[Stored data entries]
╭──

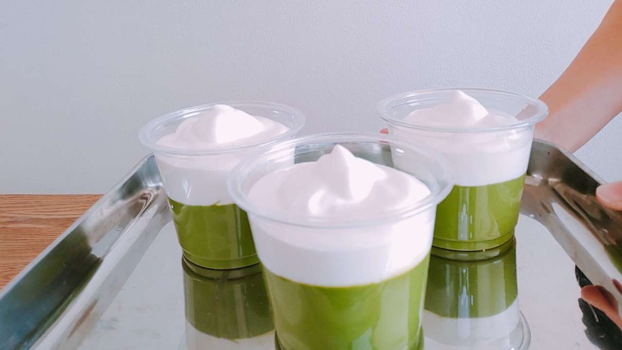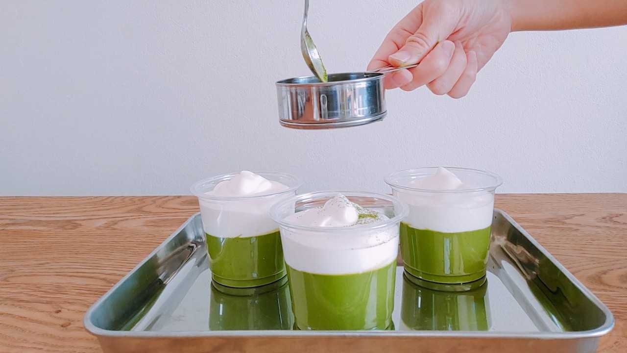 冷やしておいた抹茶プリンを冷蔵庫から取り出し、プリンの上に⑧のクリームをふんわりとのせます。- 2
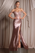 Style PS26334E combines sophistication and allure in a timeless evening silhouette. The gown features a sweetheart neckline embellished with delicate beading that shimmers beautifully under light. A soft draped detail at the waist enhances the figure, while the thigh-high slit adds a touch of modern glamour. Crafted from a lustrous fabric that flows gracefully into a subtle train, this design perfectly balances elegance and confidence??deal for evening galas, formal events, and red-carpet occasions.
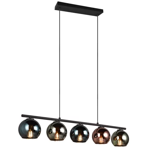 Fekete színű fém vázas függeszték színű kék-zöld-réz búrával, E14-es foglalattal.
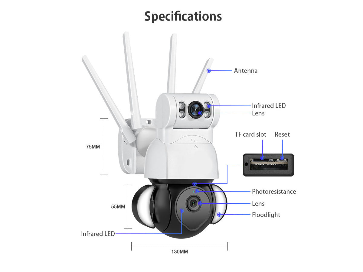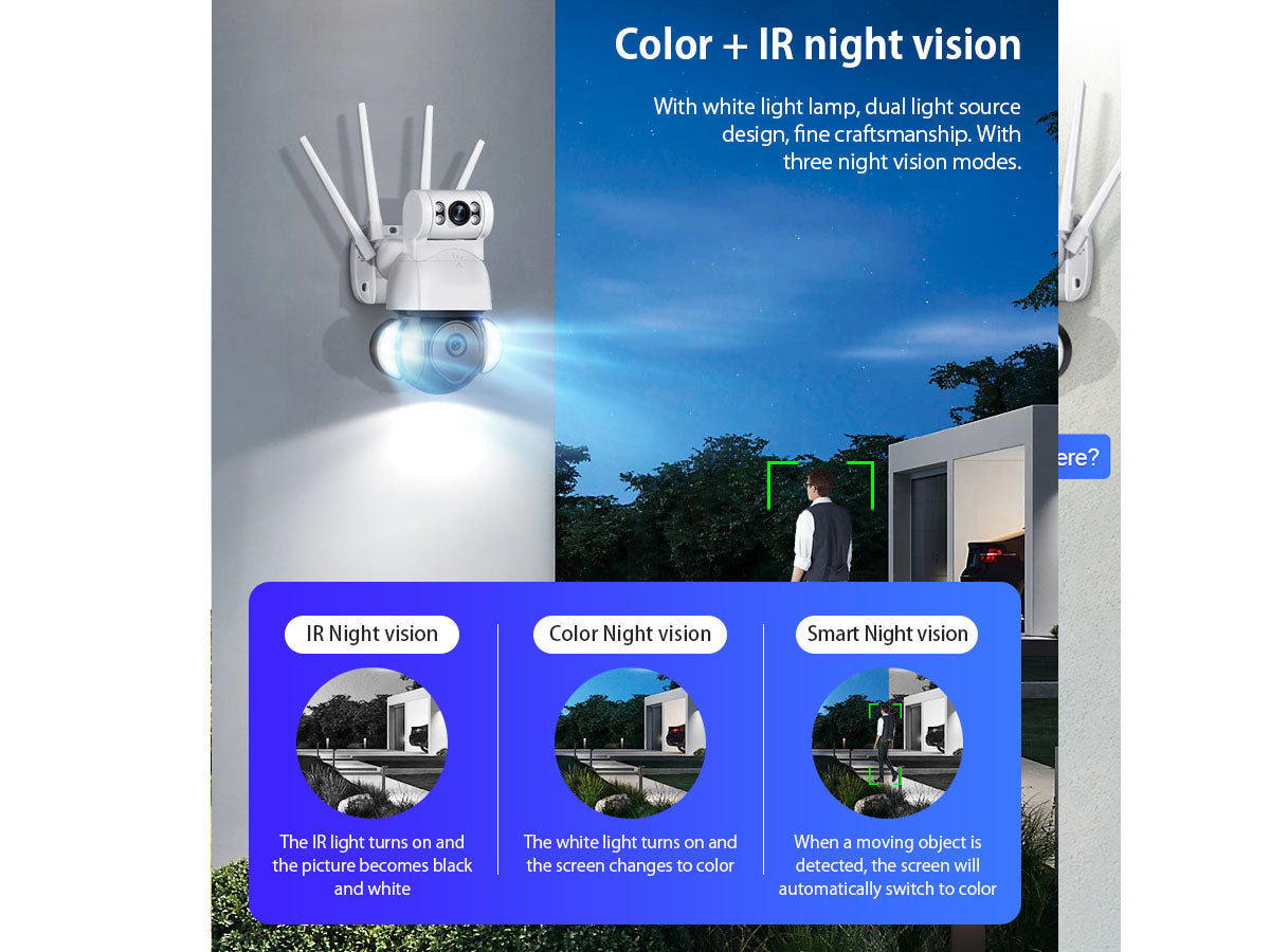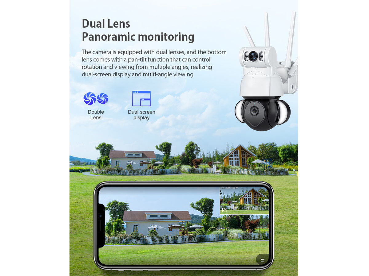 - Dual Lens 4MP Wireless WiFi Smart Security Camera
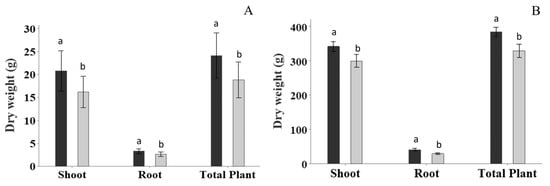 The effect of fortified biostimulant extract (FBE) on shoot dry weight, root dry weight, and total plant dry weight at (A) flowering (35 DAT: days after transplant) and (B) harvest (119 DAT) timepoints. Black columns are for the FBE treatment, and the grey columns are for the untreated control. The FBE treatment significantly increased the three biomass assessments relative to the untreated control. Means followed by the same letter do not significantly differ (p ≤ 0.05). Error bars represent SE of means (n = 14).
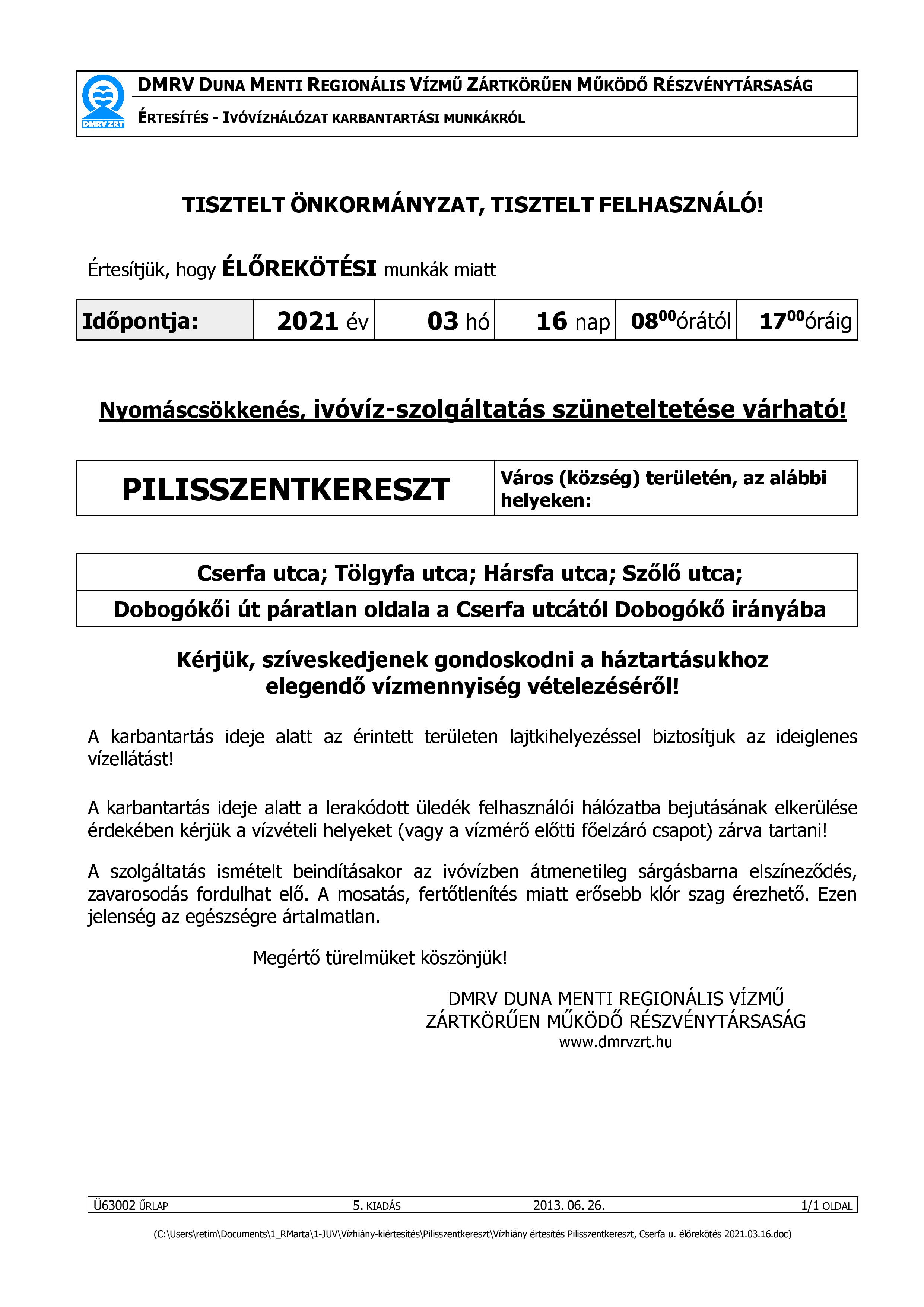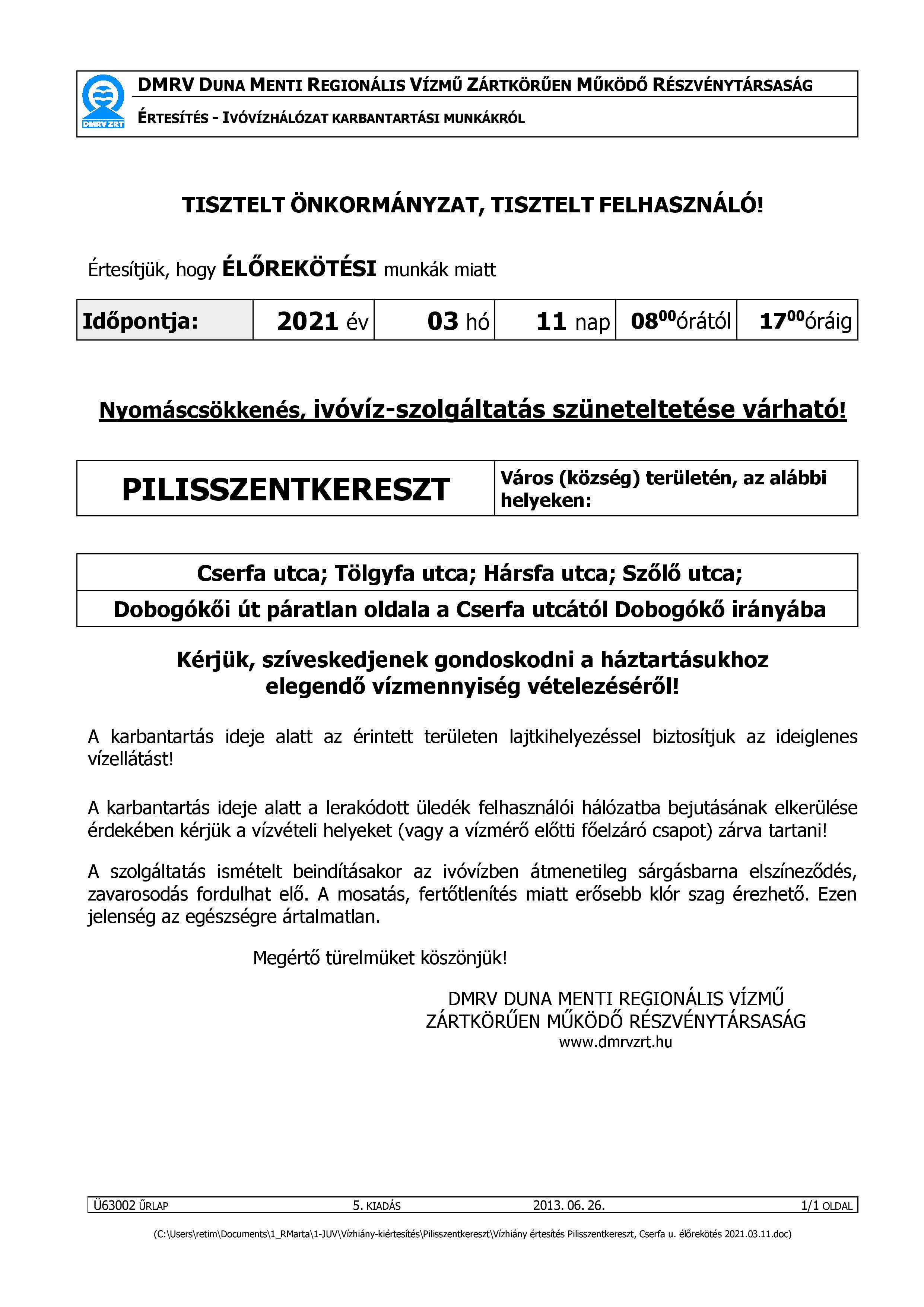 DMRV Zrt. tájékoztatása

╰──

• _What to produce_: Repeat every line above exactly, minus the pictures.

• _Answer to this task_:
 冷やしておいた抹茶プリンを冷蔵庫から取り出し、プリンの上に⑧のクリームをふんわりとのせます。- 2
 Style PS26334E combines sophistication and allure in a timeless evening silhouette. The gown features a sweetheart neckline embellished with delicate beading that shimmers beautifully under light. A soft draped detail at the waist enhances the figure, while the thigh-high slit adds a touch of modern glamour. Crafted from a lustrous fabric that flows gracefully into a subtle train, this design perfectly balances elegance and confidence??deal for evening galas, formal events, and red-carpet occasions.
 Fekete színű fém vázas függeszték színű kék-zöld-réz búrával, E14-es foglalattal.
 - Dual Lens 4MP Wireless WiFi Smart Security Camera
 The effect of fortified biostimulant extract (FBE) on shoot dry weight, root dry weight, and total plant dry weight at (A) flowering (35 DAT: days after transplant) and (B) harvest (119 DAT) timepoints. Black columns are for the FBE treatment, and the grey columns are for the untreated control. The FBE treatment significantly increased the three biomass assessments relative to the untreated control. Means followed by the same letter do not significantly differ (p ≤ 0.05). Error bars represent SE of means (n = 14).
 DMRV Zrt. tájékoztatása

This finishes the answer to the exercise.